A judge in Rovaniemi has sent a Czech man for psychiatric evaluations, after he confessed in court to killing Scottish tour guide Rebecca Johnson in Enontekio last December.
But although he admits to killing her in a frenzied knife attack, Karel Frybl denies the more serious charge of murder which carries a mandatory life sentence. His defence is that he blanked out and has no memory of the fatal attack, and that Johnson stabbed him first.
Former soldier Frybl – who used the name Radek Kovac during his three year relationship with the woman – wept at times in court as he described their relationship. The couple moved to Enontekiö in October 2016 to work for Santa Safaris, giving husky sled rides to tour groups from the UK.
During the two day trial, a panel of judges heard the couple had argued in the days before Johnson’s death. There were claims of physical and verbal abuse on both sides.
But on the morning of her death, Rebecca Johnson had phoned coworker Caitlin Howard and finally admitted she was in an abusive relationship. She claimed Frybl had kicked her in the stomach, and that she wanted their employer to remove him from the husky farm where they worked, giving guided sledge rides to tourists.
During that phone call, Caitlin Howard heard Johnson scream three times, and the phone went dead.
The only other person at the remote husky farm was another guide, Joe Pickles. He was just a few metres outside the couples’ cabin in minus 30 degree temperatures, when he also heard Rebecca scream three times.
“I ran to the cabin and pulled open the door” Pickles told the court, crying as he struggled to give his evidence.
“I said ‘Radek stop, stop’. Becky said ‘Joe, call an ambulance he’s stabbed me'”.
Pickles says when he opened the door he saw Frybl standing over Johnson who was slumped in a pool of blood but still alive. He made eye contact with the injured woman, a moment that Pickles says he recalled night after night following the attack.
Pickles went back outside to phone emergency services, and in that call, played to the court, he says he feared for his life, and thought Frybl would try to kill him too. After a short while, Pickles went back inside to check on Rebecca.
“When I returned to the cabin and saw Becky, the injuries looked worse than when I first saw her” he said.
“I couldn’t see the damage to her body, but from what I could see, she had been cut like this” – he made a slashing motion with his hand across his face – “She was gone at this point. I touched her, and I realised she was gone”.
Court documents show Rebecca Johnson received ten fatal stab wounds to the upper torso, and 30 other knife wounds to other parts of her body.
As Pickles cried, Rebecca Johnson’s father got up from the desk where he was sitting with his wife and two other adult children, and gave Pickles a handkerchief.
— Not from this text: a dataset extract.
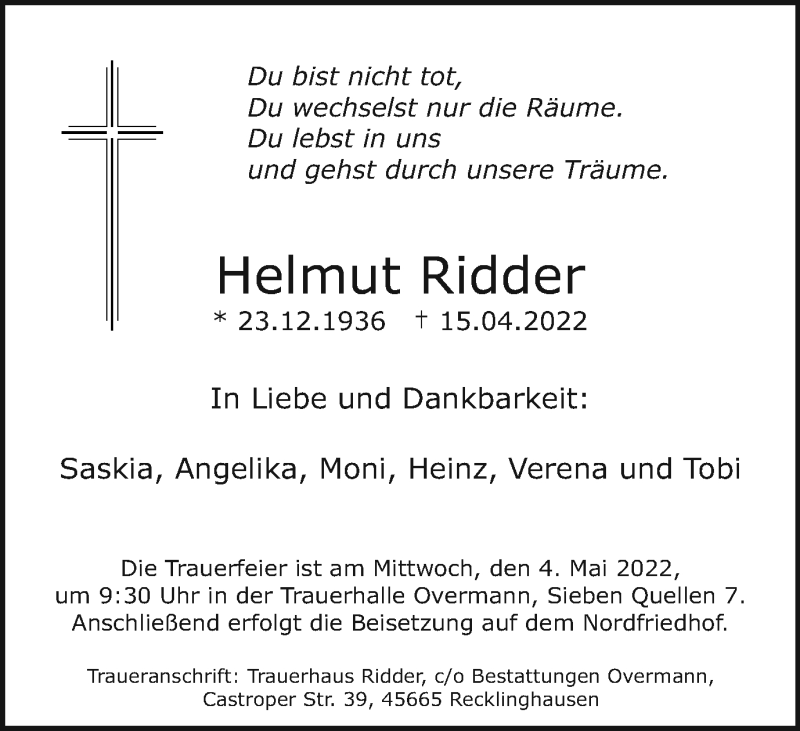 Hier finden Sie alle Traueranzeigen aus der Zeitung, die bisher für Helmut Ridder erschienen sind. Weitere Traueranzeigen, die in der Zeitung erscheinen, werden hier ebenfalls aufgelistet

It was a simple human interaction, in what can otherwise be a very clinical Finnish legal process.
At the start of the trial the Johnson family, who were all wearing purple ribbons to highlight the issues of interpersonal violence, had to lodge a claim with the court for loss of earnings and travel expenses, and put a price tag on the grief and anguish they’ve suffered.
The family was represented in court by their own lawyer, separate from the state prosecutors, who was also allowed question witnesses and the accused.
The case now hinges on whether Karel Frybl’s guilt reaches the criminal threshold for murder in Finland, which would require some degree of premeditation, or for the death to have been particularly brutal. Frybl’s lawyer argues that it was not sufficiently brutal or prolonged to qualify for murder, as Johnson died quickly.